Python library that simulates the combined impact of recurring events.
Project description
Pylan is a Python library that simulates the impact of scheduled events. You can install the Python library using PyPi with the following command:
pip install pylan-lib
This code snippet shows some basic functionality when doing simulations.
from pylan import Item, Subtract, Add, Multiply
savings = Item(start_value=100)
salary_payments = Add("1m", 2500, offset="24d") # Salary paid every month at the 24th
salary_increase = Multiply("1y", 1.2) # Salary grows each year 20%
mortgage = Subtract("0 0 2 * *", 1500) # cron support
salary_payments.add_projection(salary_increase) # Add increase to salary projection
savings.add_projections([salary_payments, mortgage])
result = savings.run("2024-1-1", "2028-1-1")
x, y = result.plot_axes()
plt.plot(x, y)
plt.show()
There are 2 important classes in this library: Item and Projection. A projection is an abstract base class, with multiple implementations. These implementations resemble a time based projection (e.g. add 10 every month, yearly inflation, etc).
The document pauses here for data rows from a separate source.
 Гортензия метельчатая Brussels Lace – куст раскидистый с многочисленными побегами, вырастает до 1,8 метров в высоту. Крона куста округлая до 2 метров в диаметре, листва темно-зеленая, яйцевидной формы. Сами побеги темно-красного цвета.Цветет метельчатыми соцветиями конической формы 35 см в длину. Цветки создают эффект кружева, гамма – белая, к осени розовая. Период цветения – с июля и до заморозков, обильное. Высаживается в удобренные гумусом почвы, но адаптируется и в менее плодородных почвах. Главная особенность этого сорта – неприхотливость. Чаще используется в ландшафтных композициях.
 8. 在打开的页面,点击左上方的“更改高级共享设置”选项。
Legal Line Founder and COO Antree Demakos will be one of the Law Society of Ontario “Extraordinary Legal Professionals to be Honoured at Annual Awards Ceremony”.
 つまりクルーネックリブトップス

The Item is something that projections can be added to, like a savings account.
Class: Granularity
Refers to the minimum step size needed for iterations given a set of projections. Can be tweaked for Item.run(). Note that the default value here is the minimum granularity of the added projections. Supports: hour, day, week, month, year
>>> from pylan import Granularity
>>> savings.run("2024-1-1", "2028-1-1", Granularity.day)
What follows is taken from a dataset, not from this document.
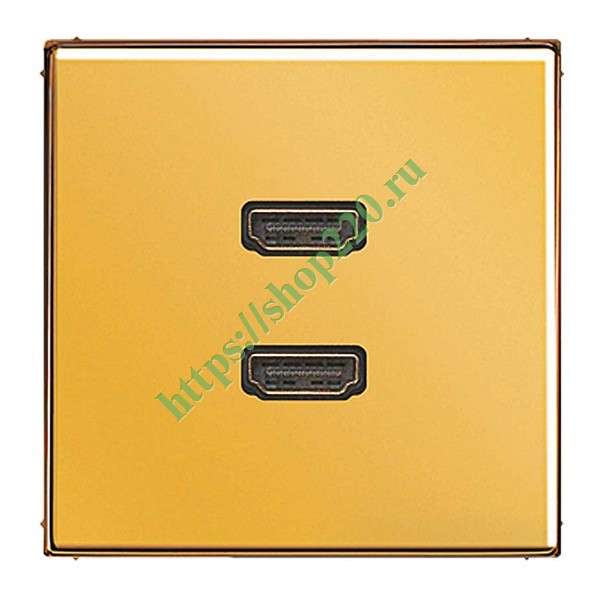 Розетка HDMI (с несущей платой, монтаж только шурупами) 2 местная, имитация золота, металлическое исполнение Jung MAGO1133

>>> savings.run("2024-1-1", "2028-1-1", Granularity.month)
Class: Item
An item that you can apply projections to and simulate over time. Optionally, you can set a start value.
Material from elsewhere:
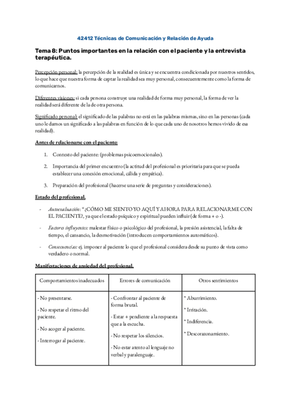 Temario Técnicas de Comunicación y Relación de Ayuda

>>> savings = Item(start_value=100)
Item.add_projection(self, projection: Projection) -> None:
Add a projection object to this item.
>>> test = Add(["2024-1-4", "2024-2-1"], 1)
>>> savings = Item(start_value=100)
>>> savings.add_projection(test)
Item.add_projections(self, projections: list[Projection]) -> None:
Adds a list of projections object to this item.
>>> gains = Multiply("4m", 1)
>>> adds = Multiply("2d", 1)
>>> savings = Item(start_value=100)
>>> savings.add_projections([gains, adds])
Item.run(
Runs the provided projections between the start and end date. Creates a result object with all the iterations per day/month/etc.
>>> savings = Item(start_value=100)
>>> savings.add_projections([gains, adds])
>>> savings.run("2024-1-1", "2025-1-1")
Item.until(
Runs the provided projections until a stop value is reached. Returns the timedelta needed to reach the stop value. NOTE: Don't use offset with a start date here.
>>> savings = Item(start_value=100)
>>> savings.add_projections([gains, adds])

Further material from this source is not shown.